The summary tool used to get a summary of the document.

In [11]:
summarization_response = summary_tool.call("Please provide a concise sentence that summarizes the document.")
long_print(str(summarization_response))

The document discusses the evaluation of large language models on dynamic decision-making tasks and the effectiveness of strategic prompting
techniques in closing the performance gap between larger and smaller models, emphasizing the limitations of current models in emergent
reasoning and self-learning.


Now lets ask a more specific question.

In [13]:
detailed_response = vector_tool.call("What are the conclusions of the document?")
long_print(str(detailed_response))

The conclusions of the document are as follows:
- Larger language models generally achieve higher scores in line with scaling laws, but
carefully designed prompts can enable smaller models to match or surpass the baseline performance of larger models.
- Advanced prompting
techniques primarily benefit smaller models on complex planning and reasoning tasks, offering less value to already high-performing large
language models.
- Advanced reasoning techniques can significantly improve performance when reasoning and decision-making align, but they
can also introduce instability and lead to significant performance drops.
- Transforming a sparse reward into a dense, task-aligned
quantitative reward can improve the learning effectiveness of large language model agents within complex environments.
- There is little
evidence for self-learning or emergent reasoning in dynamic tasks that require planning and spatial coordination, highlighting the
limitations of current static approaches.


### Multi-Tool Agent

Now lets combine all the tools created above into one agent to see if correct tools are utilized.

In [21]:
agent2 = FunctionAgent(
    name="A multi-tool agent",
    description="An agent that perform limited arithmetic and answer certain LLM questions.",
    tools=[add_tool, multiply_tool, vector_tool, summary_tool], 
    llm=llm, 
    system_prompt=("Only use your available tools to answer questions."
                   "Do not evaluate output."
                   "The final response should only contain tool output."),
    verbose=True
)
response = await agent2.run("What conclusions can be drawn about LLM reasoning.

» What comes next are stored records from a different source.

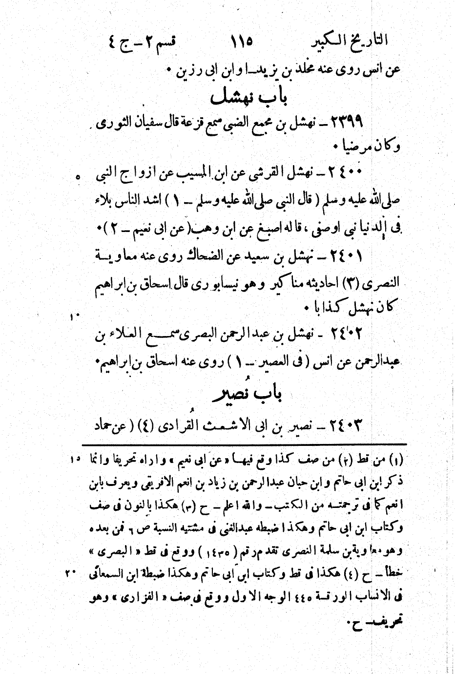 2402 - نهشل بْن عَبْد الرَّحْمَن الْبَصْرِيّ سَمِعَ العلاء بْن عَبْد الرَّحْمَن عَنْ أنس (فِي العصير - 1) روى عَنْهُ إِسْحَاق بْن إِبْرَاهِيم.
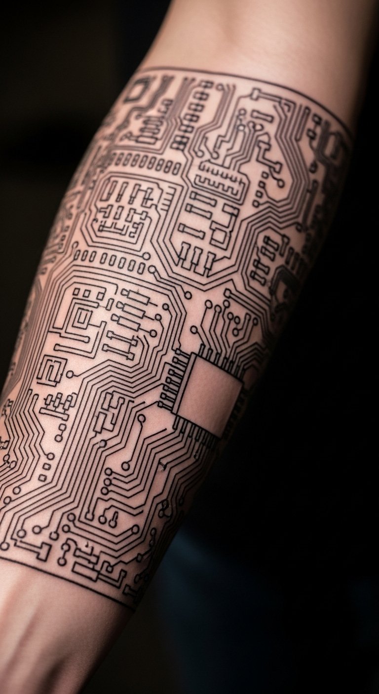 A circuit board blueprint tattoo mimics tech circuits on your skin. It’s perfect for gadget lovers. Start with a wrist design. Draw circuits on paper quickly. Search for tech-themed deals. Go with fine black lines. Use electronic tape for trials. Match with geeky outfits. Add a battery symbol. The process is efficient. This tattoo techs up your look. Visualize via free apps. Wire your body art cheap.
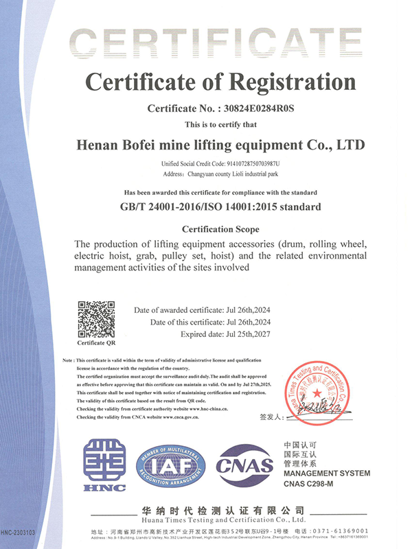 В начале работы поддерживающий канат поднимает часть ковша в нужном месте, затем опускает открытый и закрытый канат, когда ковш открывается центром по большой оси балки ниже самоходного ковша нижней балки, а при столкновении блоков, открытых от ковша до двух ушей, ковш открывается до максимального предела. При вскрытии ковша увеличивается центральное расстояние между шкивом верхней балки и шкивом нижней балки, затем поддерживается падение каната, уже открытый грейфер падает на рыхлое скопление, которое нужно захватить, а затем убирается и обходит закрытый канат, центр шкива верхней балки и шкива нижней балки возвращается в исходное положение, тем самым завершается процесс захвата материала.В закрытом отсеке ковша заполнен материалом, и, наконец, поднят открытый и закрытый канат, весь грейфер также поднят, перемещается на необходимое место разгрузки, и ковш разгружает захваченный материал.

Also, multiply 4 and 5.")

In [22]:
long_print(str(response))

The conclusions about LLM reasoning:
- Larger models generally exhibit better reasoning performance.
- Strategic prompting techniques can
help smaller models close the gap but may also cause overthinking in simple tasks.
- Advanced prompting can boost smaller models on complex
tasks, though results are inconsistent and can sometimes worsen performance.
- LLMs currently show limitations in emergent reasoning or
self-learning, often failing by producing invalid action sequences or getting stuck in loops.
- There is a need for more robust solutions
and critical assessment of prompting methods that claim to enable advanced LLM capabilities.

Result of multiplying 4 and 5: 1024


The response above reflects the content of the document and the purposely-defective multiply tool. 

Below are the tools called by the agent.

In [26]:
for tool in response.tool_calls:
    print(tool.tool_name)

summary_query_engine_2505_10543
multiply


Note, the response is not deterministic. Sometimes the multiply tool was not called to answer the arithmetic part of the questions.